During the nine months ended September 26, 2014, the Company recorded other operating charges of $457 million. These charges primarily consisted of $259 million due to the Company's productivity and reinvestment program and $142 million due to the integration of our German bottling and distribution operations. In addition, the Company recorded a loss of $27 million as a result of the restructuring and transition of the Company's Russian juice operations to an existing joint venture with an unconsolidated bottling partner. The Company also incurred a charge of $21 million due to the write-down of receivables related to sales of concentrate to our bottling partner in Venezuela as a result of limited government-approved exchange rate conversion mechanisms. Refer to Note 11 for additional information on the Company's productivity, integration and restructuring initiatives. Refer to Note 15 for the impact these charges had on our operating segments.
During the three months ended September 27, 2013, the Company incurred other operating charges of $341 million. These charges primarily consisted of $190 million due to the impairment of certain intangible assets described below; $97 million due to the Company's productivity and reinvestment program; and $45 million due to the integration of our German bottling and distribution operations. Refer to Note 11 for additional information on the Company's productivity, integration and restructuring initiatives. Refer to Note 14 for additional information on the impairment charges recorded. Refer to Note 15 for the impact these charges had on our operating segments.
During the nine months ended September 27, 2013, the Company incurred other operating charges of $594 million. These charges primarily consisted of $312 million due to the Company's productivity and reinvestment program; $190 million due to the impairment of certain intangible assets described below; and $86 million primarily due to the integration of our German bottling and distribution operations. Refer to Note 11 for additional information on the Company's productivity, integration and restructuring initiatives.
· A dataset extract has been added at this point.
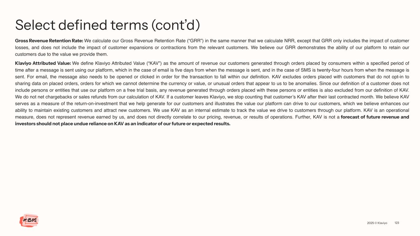 2025 © Klaviyo 123 Select defined terms (cont’d) 1232025 © Klaviyo Gross Revenue Retention Rate: We calculate our Gross Revenue Retention Rate (“GRR”) in the same manner that we calculate NRR, except that GRR only includes the impact of customer losses, and does not include the impact of customer expansions or contractions from the relevant customers. We believe our GRR demonstrates the ability of our platform to retain our customers due to the value we provide them. Klaviyo Attributed Value: We define Klaviyo Attributed Value (“KAV”) as the amount of revenue our customers generated through orders placed by consumers within a specified period of time after a message is sent using our platform, which in the case of email is five days from when the message is sent, and in the case of SMS is twenty-four hours from when the message is sent. For email, the message also needs to be opened or clicked in order for the transaction to fall within our definition. KAV excludes orders placed with customers that do not opt-in to sharing data on placed orders, orders for which we cannot determine the currency or value, or unusual orders that appear to us to be anomalies. Since our definition of a customer does not include persons or entities that use our platform on a free trial basis, any revenue generated through orders placed with these persons or entities is also excluded from our definition of KAV. We do not net chargebacks or sales refunds from our calculation of KAV. If a customer leaves Klaviyo, we stop counting that customer’s KAV after their last contracted month. We believe KAV serves as a measure of the return-on-investment that we help generate for our customers and illustrates the value our platform can drive to our customers, which we believe enhances our ability to maintain existing customers and attract new customers. We use KAV as an internal estimate to track the value we drive to customers through our platform. KAV is an operational measure, does not represent revenue earned by us, and does not directly correlate to our pricing, revenue, or results of operations. Further, KAV is not a forecast of future revenue and investors should not place undue reliance on KAV as an indicator of our future or expected results.

Refer to Note 14 for additional information on the impairment charges recorded. Refer to Note 15 for the impact these charges had on our operating segments.
During the three and nine months ended September 27, 2013, the Company recorded charges of $190 million related to certain intangible assets. These charges included $108 million related to the impairment of trademarks recorded in our Bottling Investments and Asia Pacific operating segments. These impairments were primarily due to a strategic decision to phase out certain local-market value brands which resulted in a change in the expected useful life of the intangible assets. The charges were determined by comparing the fair value of the trademarks, derived using discounted cash flow analyses, to the current carrying value. Additionally, the remaining charge of $82 million related to goodwill recorded in our Bottling Investments operating segment. This charge was primarily the result of management's revised outlook on market conditions and volume performance. The total impairment charges of $190 million were recorded in our Corporate operating segment in the line item other operating charges in our condensed consolidated statements of income.
Other Nonoperating Items
Equity Income (Loss) — Net
During the three and nine months ended September 26, 2014, the Company recorded net charges of $8 million and $41 million, respectively, in the line item equity income (loss) — net. During the three and nine months ended September 27, 2013, the Company recorded a net gain of $8 million and a net charge of $34 million, respectively, in the line item equity income (loss) — net. These amounts represent the Company's proportionate share of unusual or infrequent items recorded by certain of our equity method investees, including charges incurred by an equity method investee due to the devaluation of the Venezuelan bolivar. Refer to Note 15 for the impact these items had on our operating segments.
Other Income (Loss) — Net
During the three months ended September 26, 2014, the Company recorded charges of $270 million due to the refranchising of certain territories in North America. Refer to Note 2 for more information related to these charges and Note 15 for the impact this charge had on our operating segments.
During the nine months ended September 26, 2014, the Company recorded charges of $410 million due to the refranchising of certain territories in North America. The Company also incurred a charge of $226 million due to the expansion of the Venezuelan government's currency conversion markets. Refer to Note 2 for more information related to the North America refranchising, Note 1 for more information related to the charge due to the change in Venezuelan exchange rates and Note 15 for the impact these charges had on our operating segments.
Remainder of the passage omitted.